The son of the Chinese author of Crouching Tiger, Hidden Dragon (臥虎藏龍) is waging a legal battle in a Canadian court with Hollywood studios over the film rights to his father's books.

The film version of Crouching Tiger, Hidden Dragon by director Ang Lee (李安) won four Oscars and now Columbia Pictures Industries Inc. and The Weinstein Company say they hold the film rights to other books in the same series penned by Wang Dulu (王度盧).

While Hollywood producers are anxious to make a prequel to the martial arts blockbuster Crouching Tiger, a Saskatchewan judge must first determine who owns the rights to the remaining books in the series.
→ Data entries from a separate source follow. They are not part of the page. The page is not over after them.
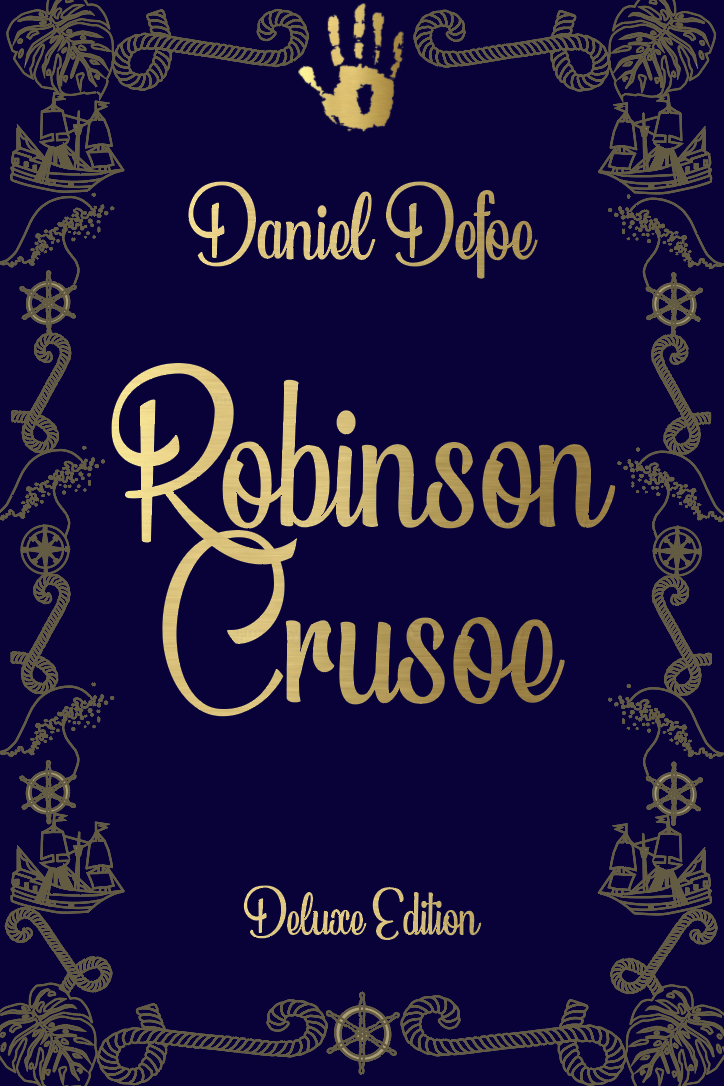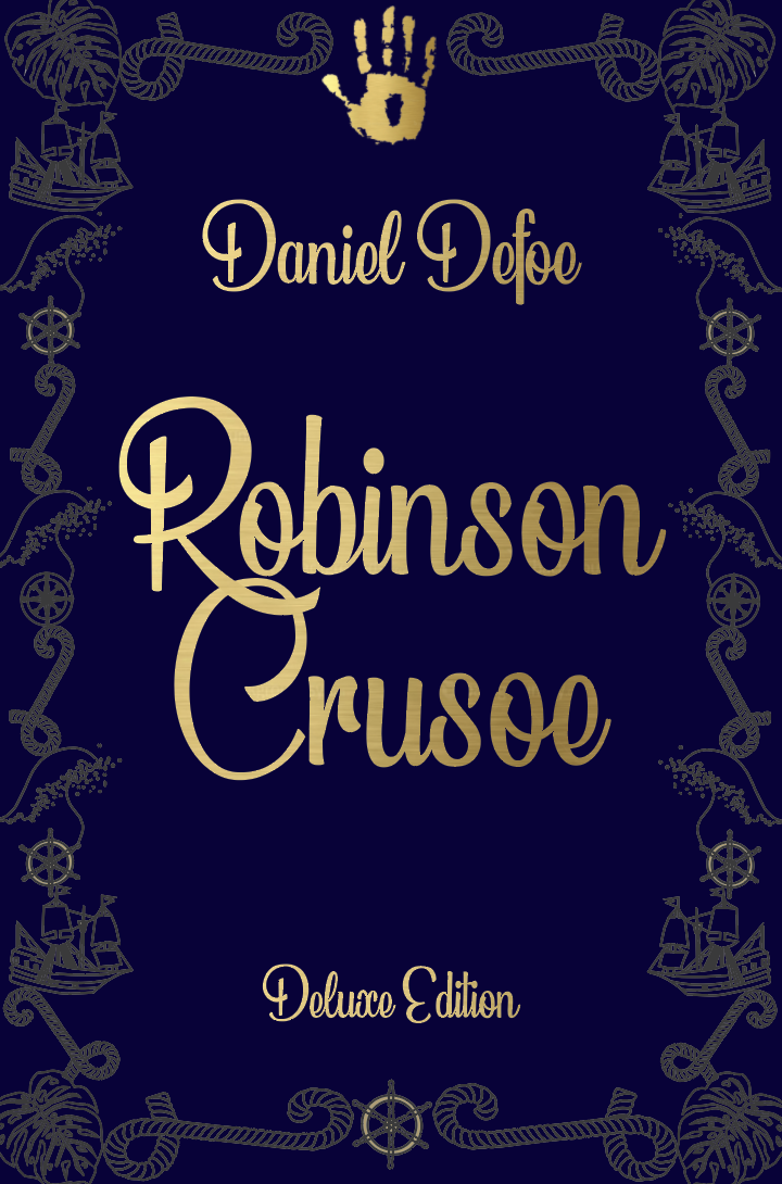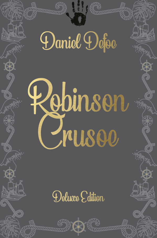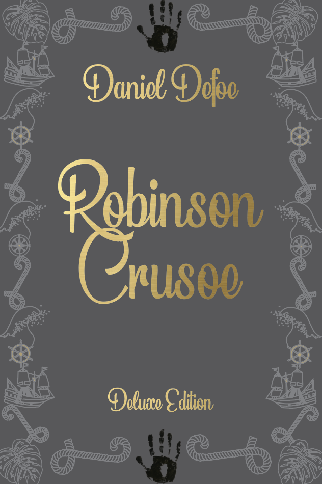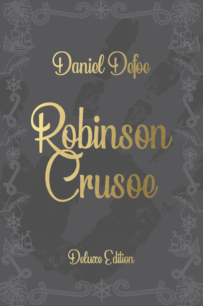 Part 2 Deluxe edition: Design a deluxe hardback collectors’ version of Daniel Defoe’s Robinson Crusoe, it should reflect the historical themes of the story and its associations. This version can present the content in a larger, finer, more luxurious way, suitable for armchair readers and classic book collections.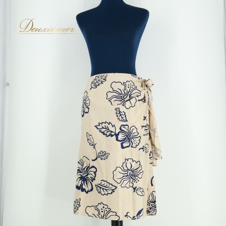 フラダンス 衣装 スカート ベージュ系 フラ ダンス ハイビスカス柄 ハワイアン アロハ ひざ丈 花柄 紺 リボン かわいい 華やか ハワイアンプリント ネイビー系
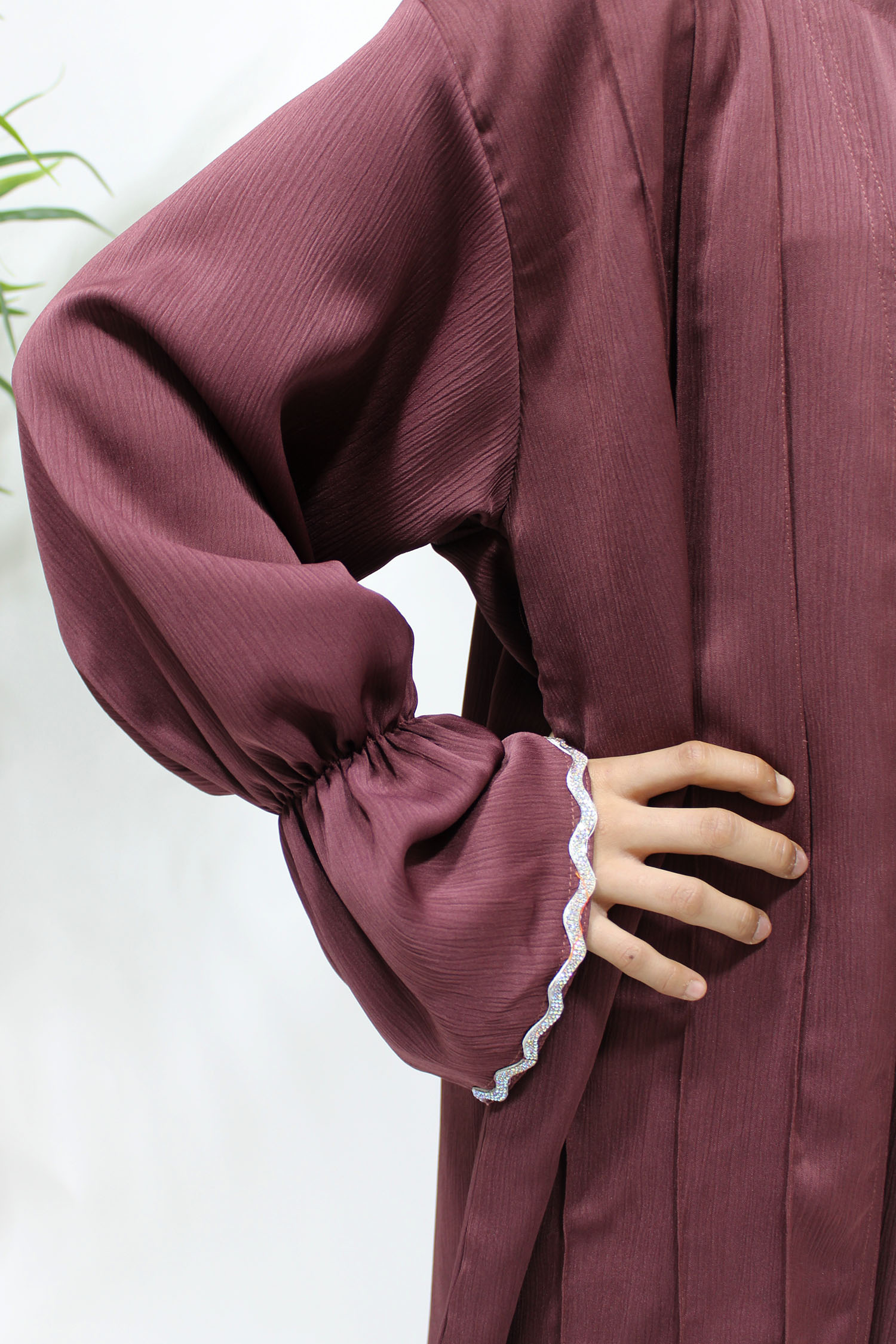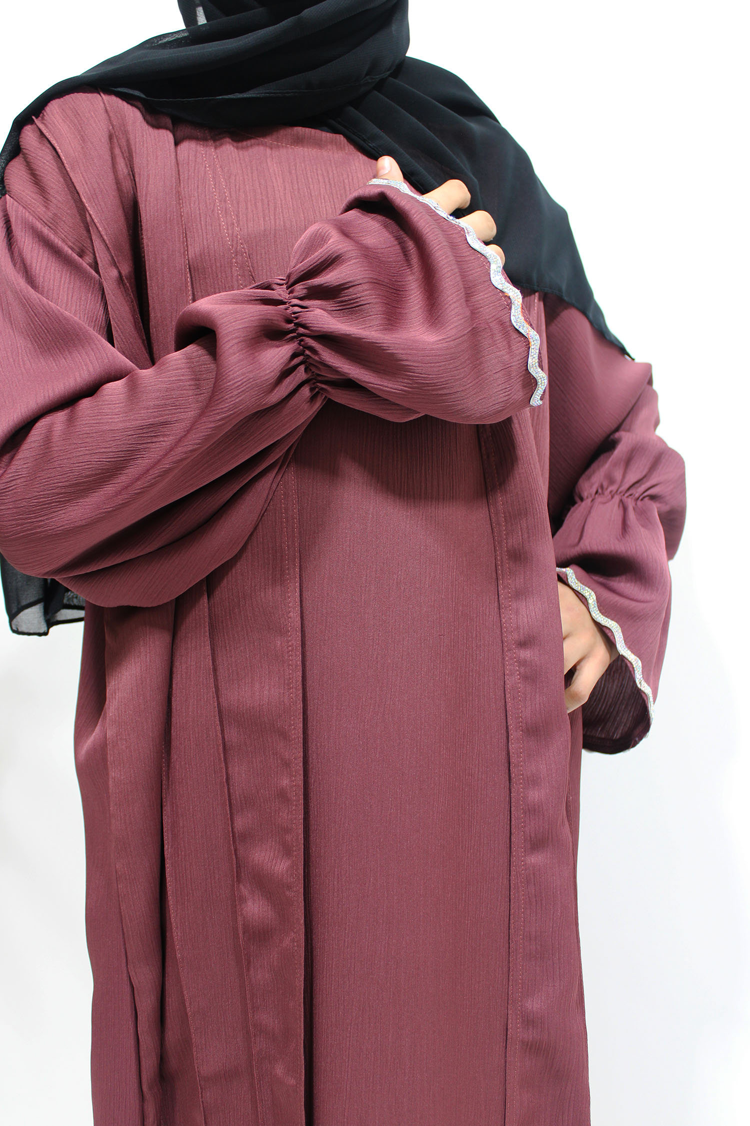 Two Piece Style Open Abaya – Plum

Columbia contends in a statement of claim it struck a deal by telephone and e-mail in 2005 with the author's son, Hong Wang, for rights to the remaining books, but Wang denies there was a final agreement.

Rather, Wang said he signed an agreement with The Weinstein Company for the book rights in December 2005.

Columbia is suing both Wang and The Weinstein Company for those rights. In a counter suit, The Weinstein Company is seeking sole ownership of the book rights.

Hollywood studio Warner Bros. is taking on the pirates in China's film market, using lightning-fast home video release and low prices to beat DVD counterfeiters at their own game.

Warner's China film-making joint venture released its first picture, a low-budget film called Crazy Stone, in cinemas on June 30, then followed with a DVD version selling for as little as 10 renminbi (US$1.25) just 12 days later.

The turnaround was the shortest ever for a Warner film, in an industry where three months is more typical, said Tony Vaughan, managing director for CAV Warner Home Entertainment Co, another Warner joint venture that handled the film's home video release.

“We came out here with the aim of competing with the pirates on pricing and timing,” said Vaughan. “The fact that we've been able to go this early means we've been able to beat the pirates.”

American movie star Richard Gere is to star in a movie to be filmed in Croatia and Bosnia, playing a journalist hunting for war crimes fugitive Radovan Karadzic, it was reported this week.

The movie, called Spring Break in Bosnia, will portray a journalist (Gere) who comes to Bosnia and Herzegovina to look for Karadzic, but is repeatedly taken for a CIA agent, media in Zagreb and Belgrade reported.

The filming is due to start in the fall, while the director and screenwriter will be Richard Shepard (Matador) and the producer Mark Johnson, who produced the Chronicles of Narnia.

M. Night Shyamalan left Disney when the studio refused to make his new movie Lady in the Water, based on his own fairytale. Now the director of The Sixth Sense is risking his reputation on the movie, and some critics are scratching their heads and wondering why.

Lady in the Water, to be released on Friday by Warner Bros, is based on a bedtime story Shyamalan made up for his two young daughters. But his fairy tale, also published as a children's book, has already cost him dearly.

When the 35-year-old director presented his vision to Disney, which produced his four previous films, the studio said the story was too confusing.

Disney executives also questioned Shyamalan's decision to act in a pivotal supporting role rather than take his usual Hitchcockian

cameo. But Shyamalan refused to compromise his vision, instead parting with a studio which grossed more than US$1.5 billion on his last four films.